THE PROBLEM
Nothing but the pictures gets dropped; retype every entry exactly.

DATA IN THIS EXERCISE
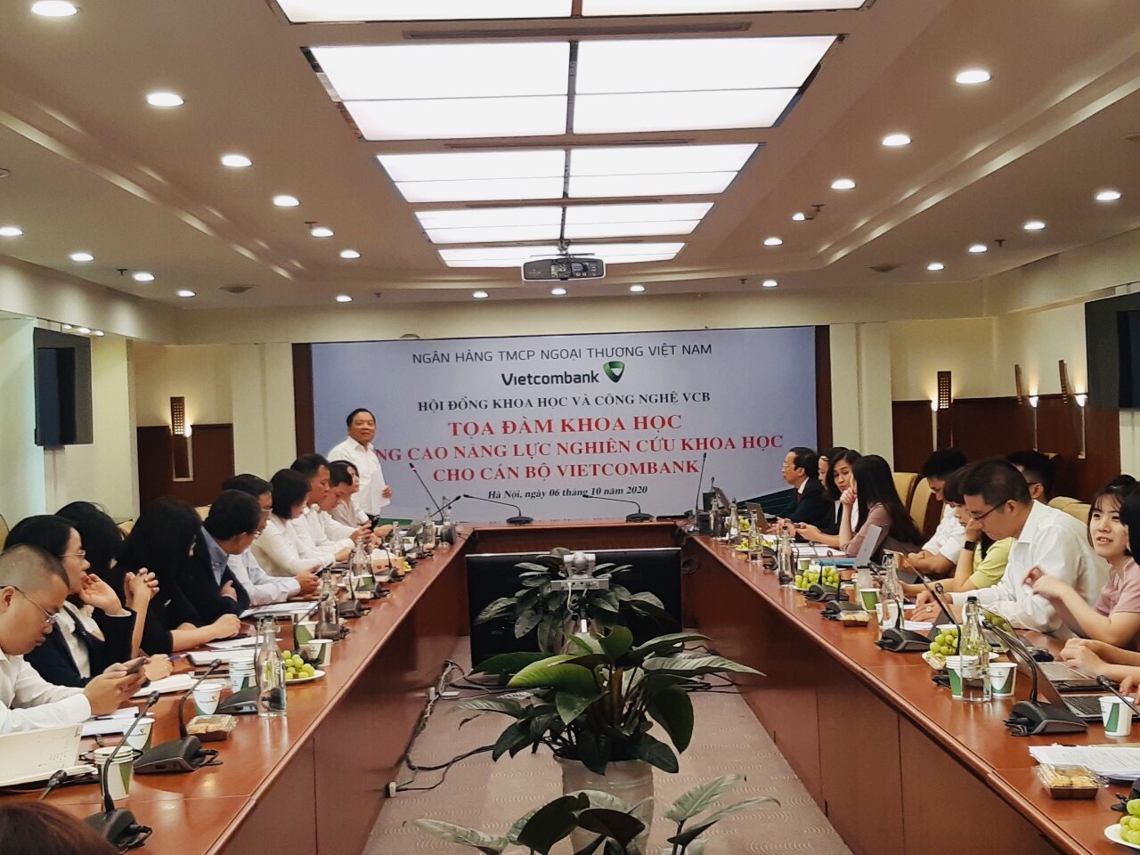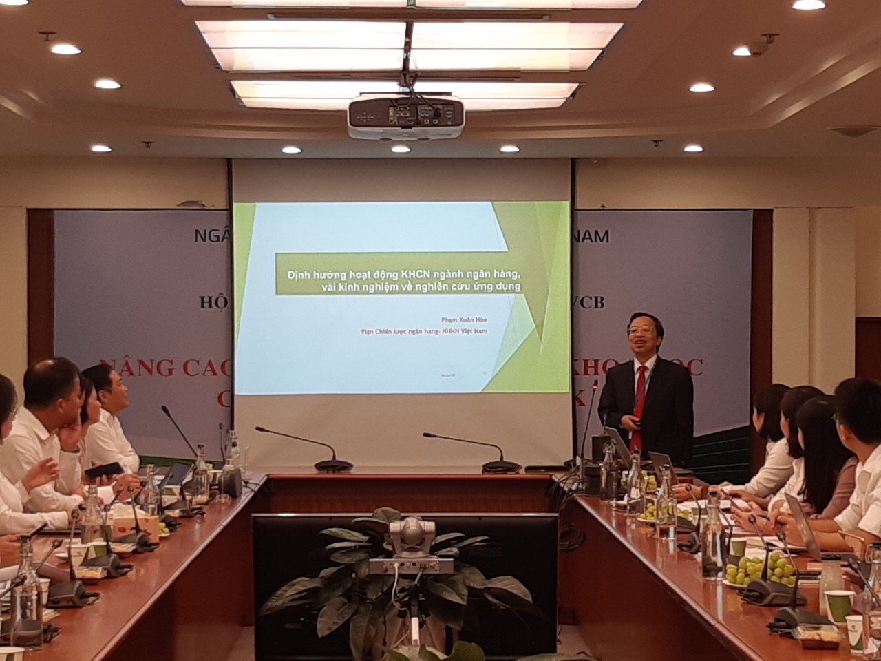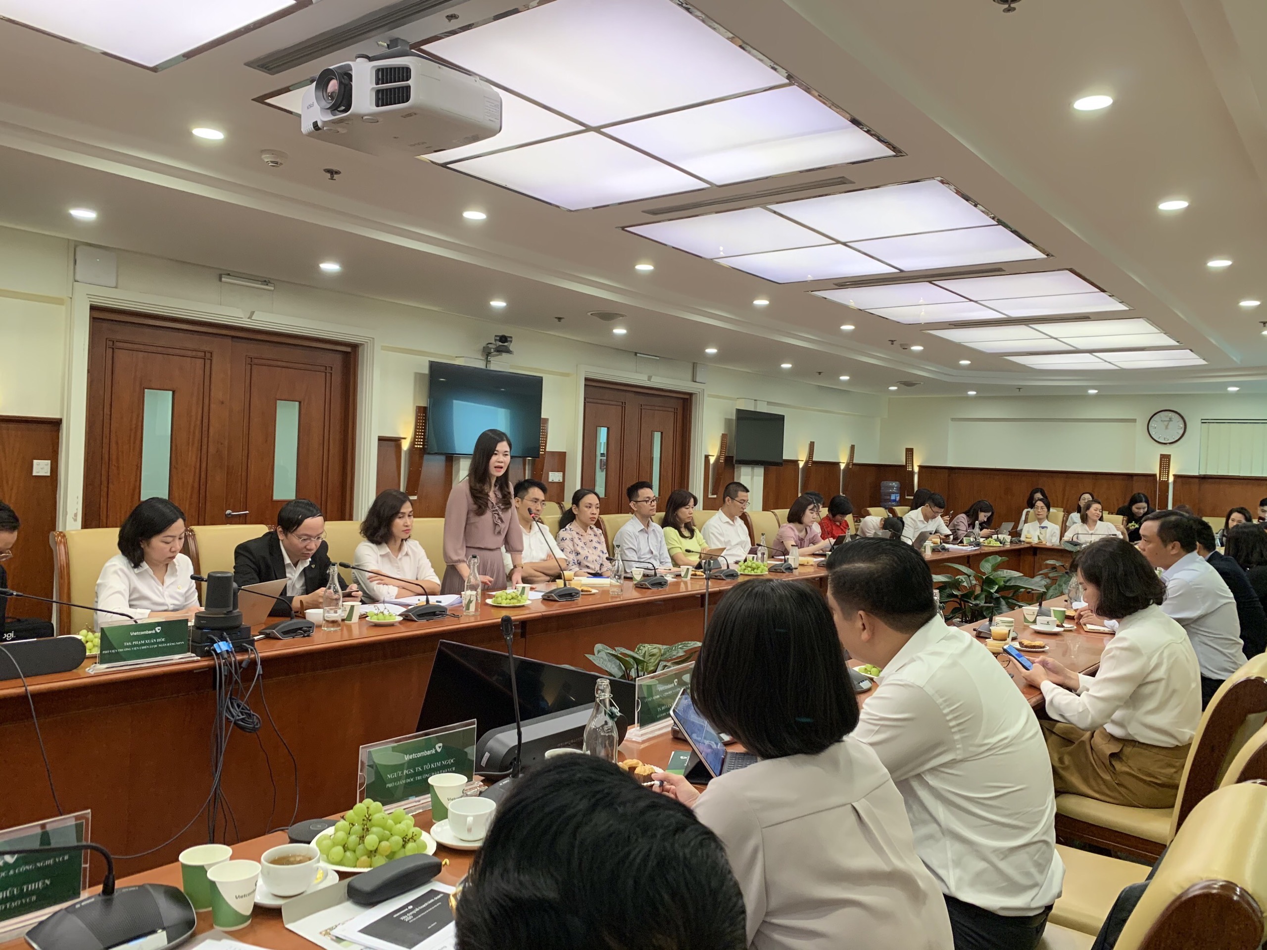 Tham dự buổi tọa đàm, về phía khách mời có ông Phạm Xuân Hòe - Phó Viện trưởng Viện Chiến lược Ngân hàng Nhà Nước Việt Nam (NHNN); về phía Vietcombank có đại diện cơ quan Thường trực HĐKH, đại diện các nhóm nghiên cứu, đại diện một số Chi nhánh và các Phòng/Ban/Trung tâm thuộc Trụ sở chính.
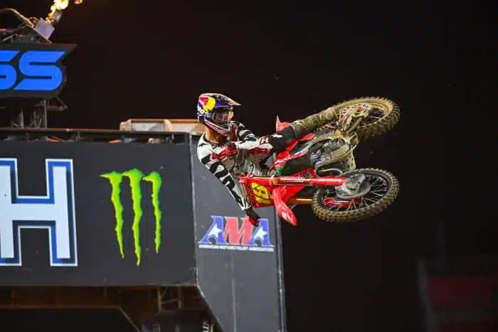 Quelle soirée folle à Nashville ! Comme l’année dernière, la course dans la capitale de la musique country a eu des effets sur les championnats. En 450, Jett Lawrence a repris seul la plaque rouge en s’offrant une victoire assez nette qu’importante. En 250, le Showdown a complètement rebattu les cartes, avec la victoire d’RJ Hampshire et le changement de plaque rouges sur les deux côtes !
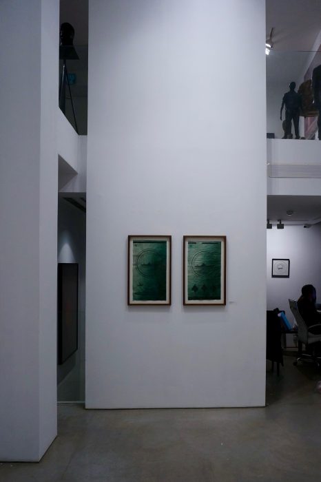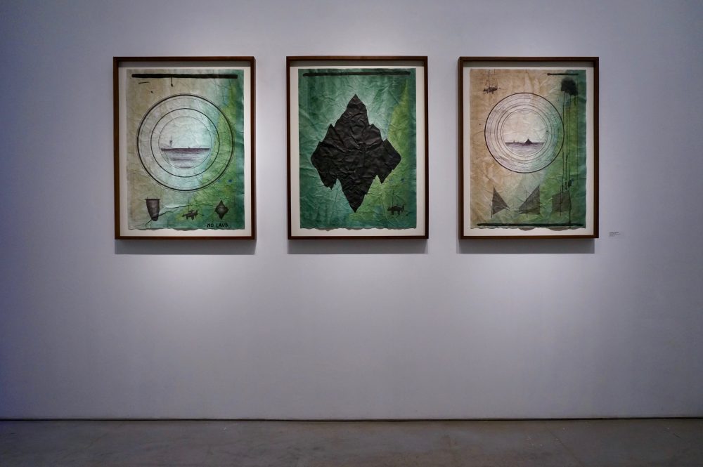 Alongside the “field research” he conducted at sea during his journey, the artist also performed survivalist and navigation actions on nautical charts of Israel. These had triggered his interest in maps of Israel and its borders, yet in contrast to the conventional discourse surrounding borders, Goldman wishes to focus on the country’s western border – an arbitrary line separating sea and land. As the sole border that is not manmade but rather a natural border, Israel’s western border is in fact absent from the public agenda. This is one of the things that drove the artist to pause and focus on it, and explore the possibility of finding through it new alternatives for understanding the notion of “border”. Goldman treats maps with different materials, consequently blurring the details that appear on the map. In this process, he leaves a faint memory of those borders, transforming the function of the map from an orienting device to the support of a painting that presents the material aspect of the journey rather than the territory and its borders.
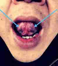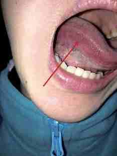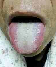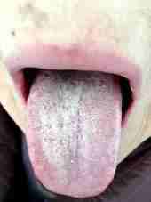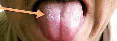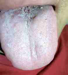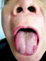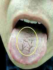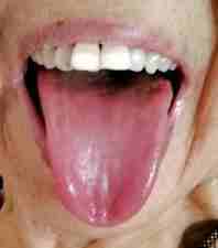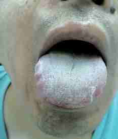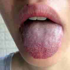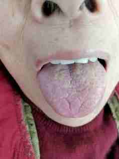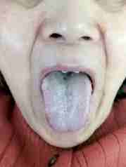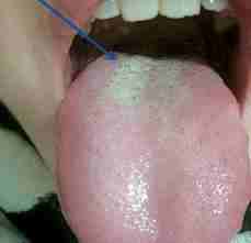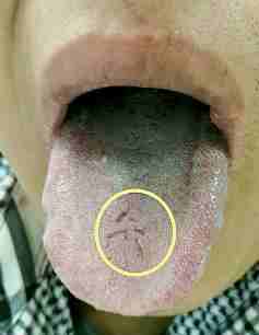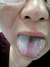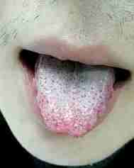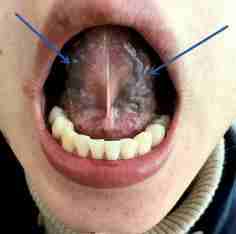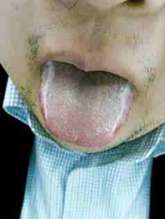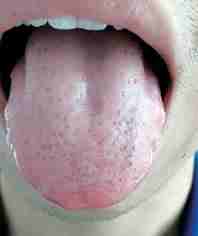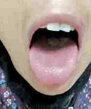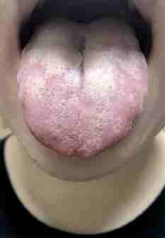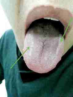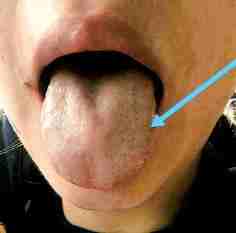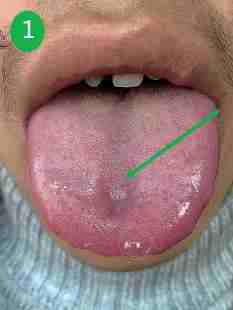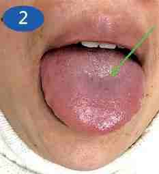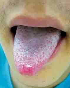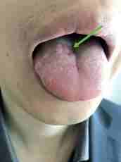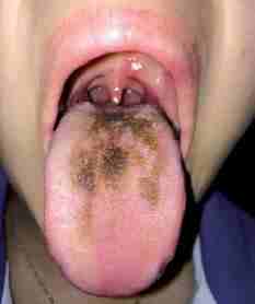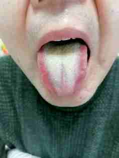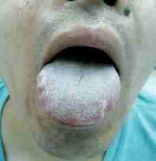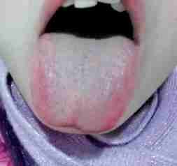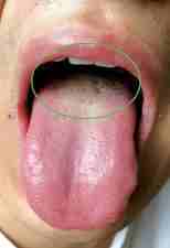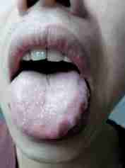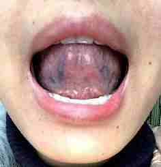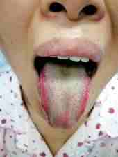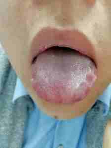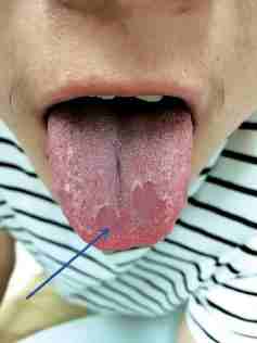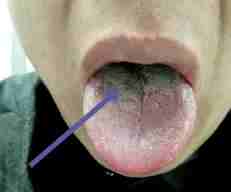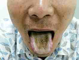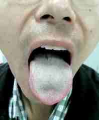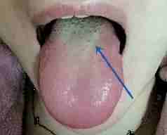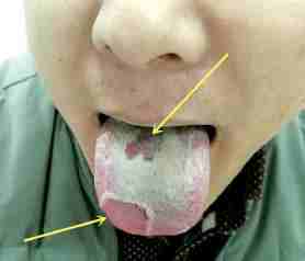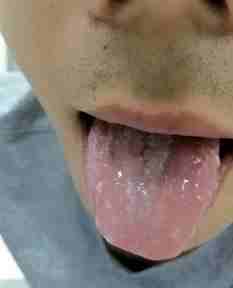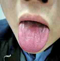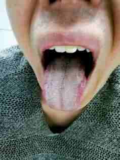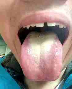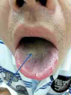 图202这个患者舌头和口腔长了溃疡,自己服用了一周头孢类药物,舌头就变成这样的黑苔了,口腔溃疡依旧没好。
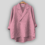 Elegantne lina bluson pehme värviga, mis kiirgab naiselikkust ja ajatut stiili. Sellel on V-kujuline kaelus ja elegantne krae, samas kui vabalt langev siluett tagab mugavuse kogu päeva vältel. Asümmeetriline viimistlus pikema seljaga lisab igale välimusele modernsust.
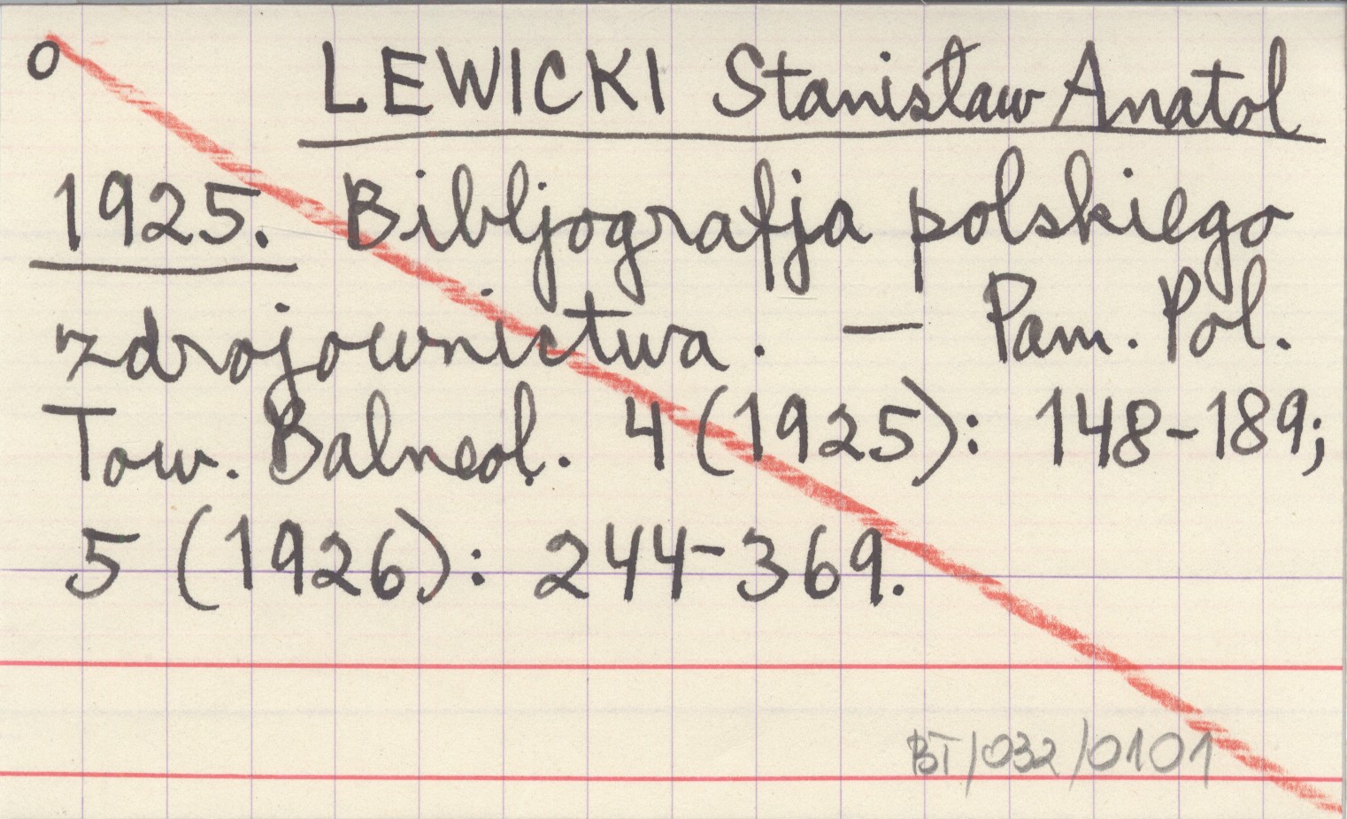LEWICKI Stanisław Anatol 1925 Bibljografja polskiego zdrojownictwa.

RESPONSE FOR THIS EXERCISE
 Tham dự buổi tọa đàm, về phía khách mời có ông Phạm Xuân Hòe - Phó Viện trưởng Viện Chiến lược Ngân hàng Nhà Nước Việt Nam (NHNN); về phía Vietcombank có đại diện cơ quan Thường trực HĐKH, đại diện các nhóm nghiên cứu, đại diện một số Chi nhánh và các Phòng/Ban/Trung tâm thuộc Trụ sở chính.
 Quelle soirée folle à Nashville ! Comme l’année dernière, la course dans la capitale de la musique country a eu des effets sur les championnats. En 450, Jett Lawrence a repris seul la plaque rouge en s’offrant une victoire assez nette qu’importante. En 250, le Showdown a complètement rebattu les cartes, avec la victoire d’RJ Hampshire et le changement de plaque rouges sur les deux côtes !
 Alongside the “field research” he conducted at sea during his journey, the artist also performed survivalist and navigation actions on nautical charts of Israel. These had triggered his interest in maps of Israel and its borders, yet in contrast to the conventional discourse surrounding borders, Goldman wishes to focus on the country’s western border – an arbitrary line separating sea and land. As the sole border that is not manmade but rather a natural border, Israel’s western border is in fact absent from the public agenda. This is one of the things that drove the artist to pause and focus on it, and explore the possibility of finding through it new alternatives for understanding the notion of “border”. Goldman treats maps with different materials, consequently blurring the details that appear on the map. In this process, he leaves a faint memory of those borders, transforming the function of the map from an orienting device to the support of a painting that presents the material aspect of the journey rather than the territory and its borders.
 图202这个患者舌头和口腔长了溃疡,自己服用了一周头孢类药物,舌头就变成这样的黑苔了,口腔溃疡依旧没好。
 Elegantne lina bluson pehme värviga, mis kiirgab naiselikkust ja ajatut stiili. Sellel on V-kujuline kaelus ja elegantne krae, samas kui vabalt langev siluett tagab mugavuse kogu päeva vältel. Asümmeetriline viimistlus pikema seljaga lisab igale välimusele modernsust.
LEWICKI Stanisław Anatol 1925 Bibljografja polskiego zdrojownictwa.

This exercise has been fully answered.